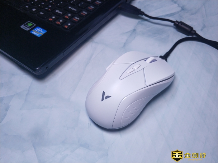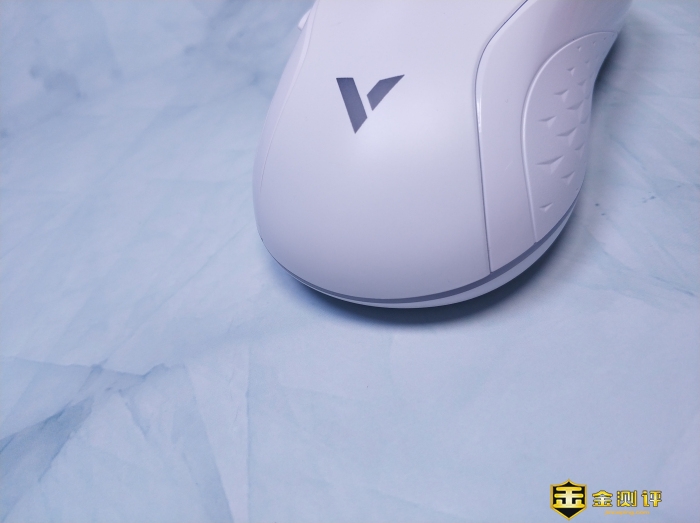 整体尺寸为123*68*41mm,左右手对称,适合中小手型人群使用,外形采用了人体工程学设计,能增加握感舒适度,长时间玩游戏也不费力,正面有雷柏的logo,能增加辨识度。
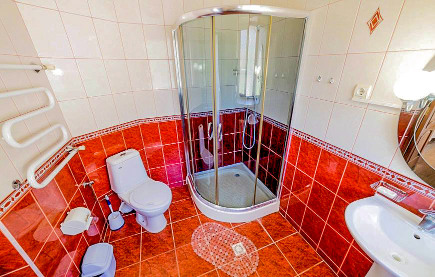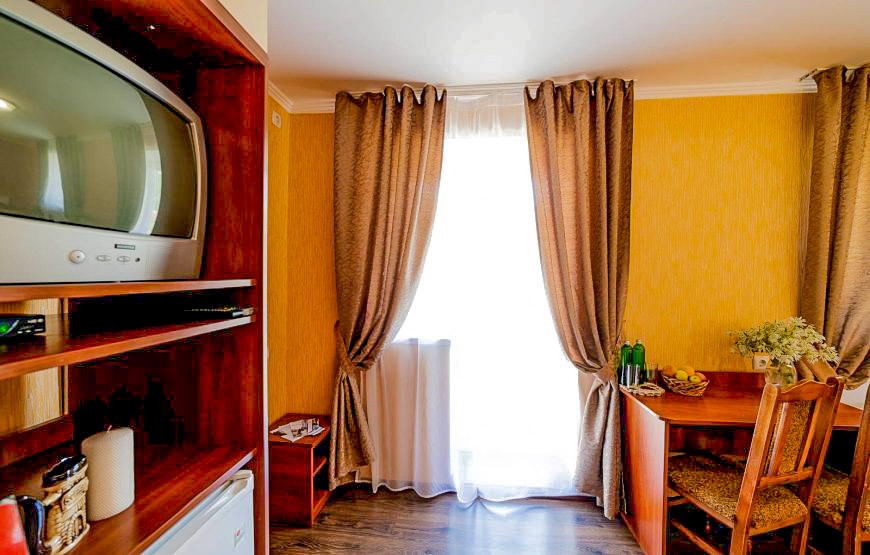 In the rooms of the “Standard” category, our guests have two single beds or one and a half beds for single occupancy with blankets and pillows. Each room of the Standard category includes television and Wi-Fi. The bathroom is equipped with a shower cabin, clean towels, soap, as well as the necessary sanitary ware (sink, toilet, towel dryer). In order to fully breathe in the fresh mountain air, it is enough to go out to the balcony, which is available in every room of this category. Standard rooms are located on the first, second and third floors.
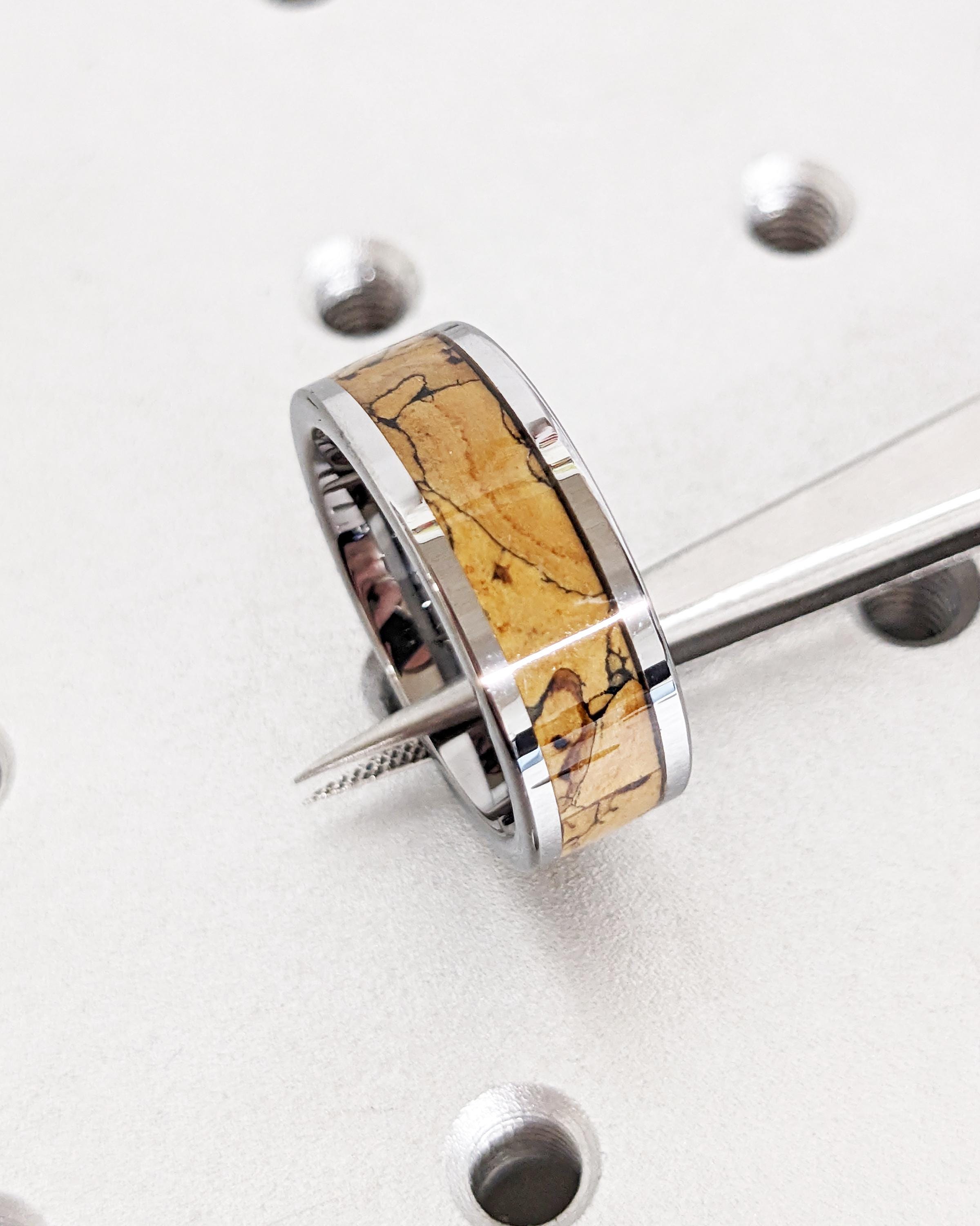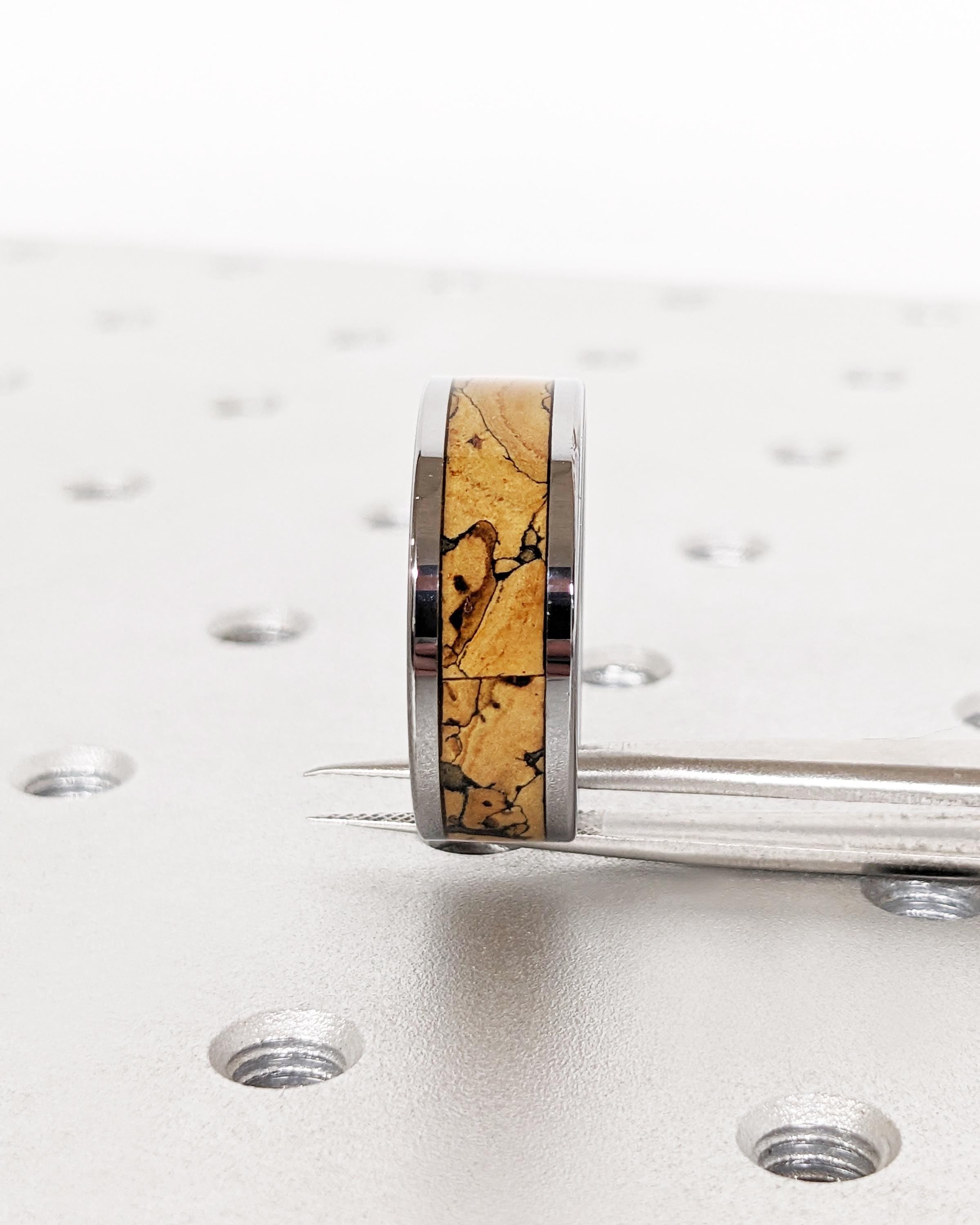 This distinctive tungsten ring combines modern design with prehistoric inspiration. The polished silver surface contrasts beautifully with the intricate dinosaur fossil pattern inlay. Crafted for durability, it’s hypoallergenic, cobalt-free, and designed with a comfort fit interior. A perfect wedding band or gift for men who love adventure, history and craftsmanship.
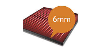 | Gruba płyta grilla jest zawsze gorąca — nawet podczas opiekania mrożonek Wyjątkowo gruba płyta opiekająca zachowuje więcej ciepła niż w przypadku zwykłego grilla i pozostaje gorąca nawet w przypadku opiekania mrożonek. Stała temperatura umożliwia szybsze i bardziej równomierne opiekanie jedzenia. Płyta opiekająca jest gorąca już podczas umieszczania produktów na grillu, co pozwala zachować ich smak i aromat. |

------------------------------

_EXERCISE DIRECTIONS_: Return all of the material precisely as written. No picture belongs in it.

_THE ANSWER_:
 整体尺寸为123*68*41mm,左右手对称,适合中小手型人群使用,外形采用了人体工程学设计,能增加握感舒适度,长时间玩游戏也不费力,正面有雷柏的logo,能增加辨识度。
 In the rooms of the “Standard” category, our guests have two single beds or one and a half beds for single occupancy with blankets and pillows. Each room of the Standard category includes television and Wi-Fi. The bathroom is equipped with a shower cabin, clean towels, soap, as well as the necessary sanitary ware (sink, toilet, towel dryer). In order to fully breathe in the fresh mountain air, it is enough to go out to the balcony, which is available in every room of this category. Standard rooms are located on the first, second and third floors.
 This distinctive tungsten ring combines modern design with prehistoric inspiration. The polished silver surface contrasts beautifully with the intricate dinosaur fossil pattern inlay. Crafted for durability, it’s hypoallergenic, cobalt-free, and designed with a comfort fit interior. A perfect wedding band or gift for men who love adventure, history and craftsmanship.
 | Gruba płyta grilla jest zawsze gorąca — nawet podczas opiekania mrożonek Wyjątkowo gruba płyta opiekająca zachowuje więcej ciepła niż w przypadku zwykłego grilla i pozostaje gorąca nawet w przypadku opiekania mrożonek. Stała temperatura umożliwia szybsze i bardziej równomierne opiekanie jedzenia. Płyta opiekająca jest gorąca już podczas umieszczania produktów na grillu, co pozwala zachować ich smak i aromat. |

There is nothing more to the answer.